Figure 1. Mouse Shank3 gene (Gene ID: 58234) has 22 exons and six known promotors.

(II) Over half of the individuals with Phelan-McDermid syndrome (PMS) exhibit abnormalities in the SHANK3 gene. Additionally, mutations in the SHANK3 gene have been identified in approximately 1-2% of patients with autism spectrum disorder (ASD). Notably, individuals with mutations in the SHANK3 gene display a wide range of symptoms. However, the mechanism underlying this diversity is unclear.

(III) The striatum is a region of the brain that is responsible for the control of reward and movement.  It contains two main types of neurons: direct spiny projection neurons (dSPNs) and indirect spiny projection neurons (iSPNs). Striatal dysfunction is commonly seen in PMS and ASD patients. However, the specific pathological contributions of dSPNs and iSPNs are still largely unknown.

Methods

(I) Cell-type-specific proximity biotin-labeling (Figure 2): We expressed a biotin ligase, BirA*, in the  iSPN (in Adora2-Cre mice) and dSPN (in Drd1-Cre mice) postsynaptic membranes. This method enables us to selectively chemically tag the postsynaptic proteome of iSPN and dSPN respectively.

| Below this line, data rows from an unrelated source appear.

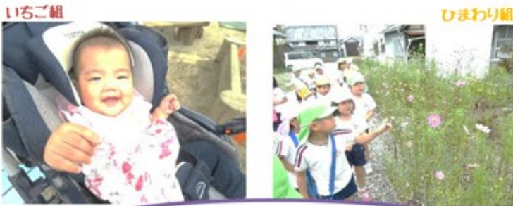
いちご組 お散歩が楽しい季節になったね
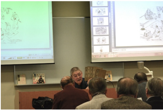
5冊揃えを持つのは肥田先生だけ
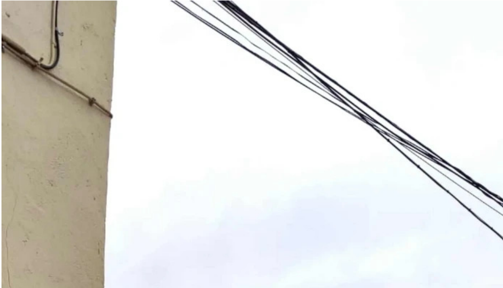
Iglesia de san nicolas de bari las parras de castellote comentario 2
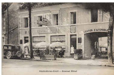
Façade de l'hôtel dans les années 1930.
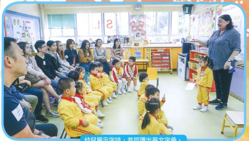
幼兒展示字咭，並認讀出英文字彙。
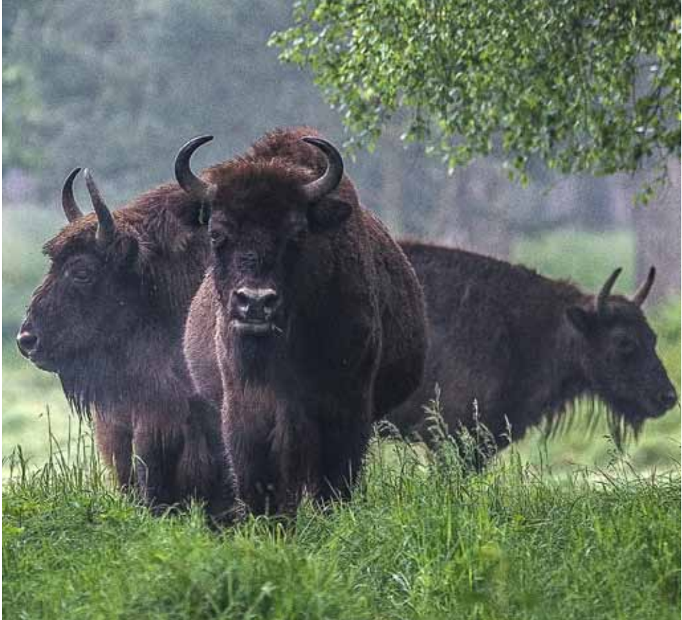
FIGURA 6.—Grupo de bisontes europeos.

ganaderas, lo mismo debiera acometerse cuanto antes con la política de conservación de la Naturaleza: hay que rediseñarla por completo.
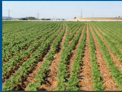
Control de secciones fila a fila.
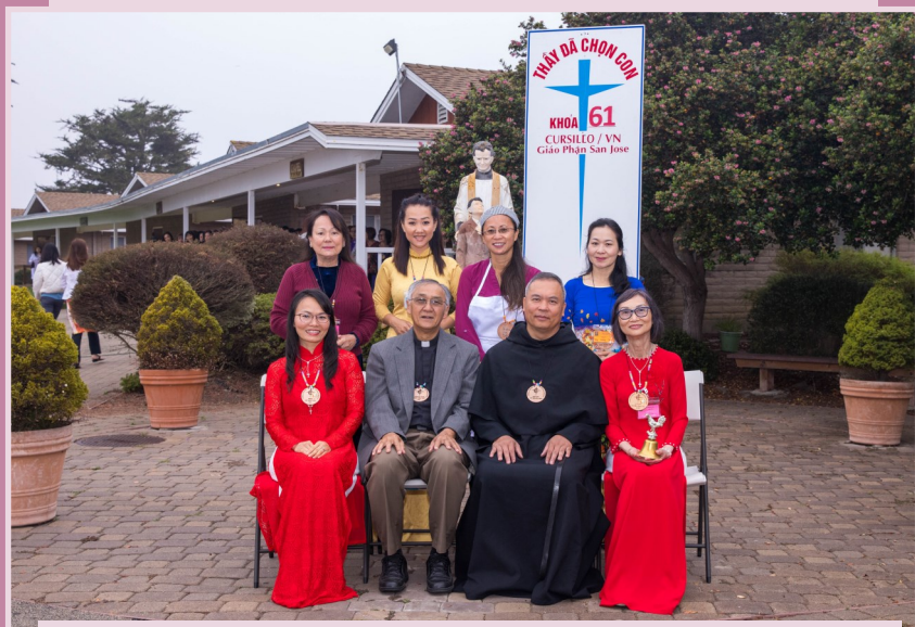
Ban Điều Hành Khóa 61

Figure 2. Cell-type-specific proximity biotin-labeling.

(II) Tandem mass tag (TMT)-based mass spectrometry (MS): We conducted a quantitative analysis of iSPNs and dSPNs postsynaptic proteomes in both wild-type (WT) and a model of ASD, Shank3B knockout (Shank3B-/-) mice.

(III) Optogenetic technique: We utilized a channelrhodopsin-based optogenetic approach to investigate corticostriatal synaptic transmission in iSPNs and dSPNs separately.

Main Results

(I) The expression of Shank3 protein isoforms varies between iSPNs and dSPNs. In Shank3B-/- iSPNs, there is an almost complete loss of Shank3 proteins. Whereas in Shank3B-/- dSPNs, several Shank3 protein isoforms, such as Shank3E, are still expressed (Figure 3). 

Figure 3. Working model of the molecular mechanism underlying SPN-type-specific postsynaptic compartment impairments in Shank3B-/- striatum.

(II) The postsynaptic proteome of dSPNs undergoes fewer changes than that of iSPNs in Shank3B-/- mice. Additionally, the dendritic spine morphology and synaptic function in dSPNs are less impaired compared to iSPNs in the Shank3B-/- model.

(III) Selective overexpression of Shank3E1 in Shank3B-/- iSPNs effectively rescued the deficits in dendritic spine morphology and corticostriatal synaptic transmission in iSPNs.

Insights and limitations

 Our research highlights the significant impact that disrupting neuron-type-specific protein isoform expression can have on synaptopathy. Contrasting Shank3 protein isoforms across different neuron types may explain the dissimilar symptoms observed in patients with diverse Shank3 mutations. However, this study focused on two striatal neuron types and did not study human patients. Expanding our knowledge of Shank3 protein isoform expression in additional neuron types, particularly those in the human brain, will accelerate the development of pharmacological and genetic treatments for neuronal disorders like ASD in the future.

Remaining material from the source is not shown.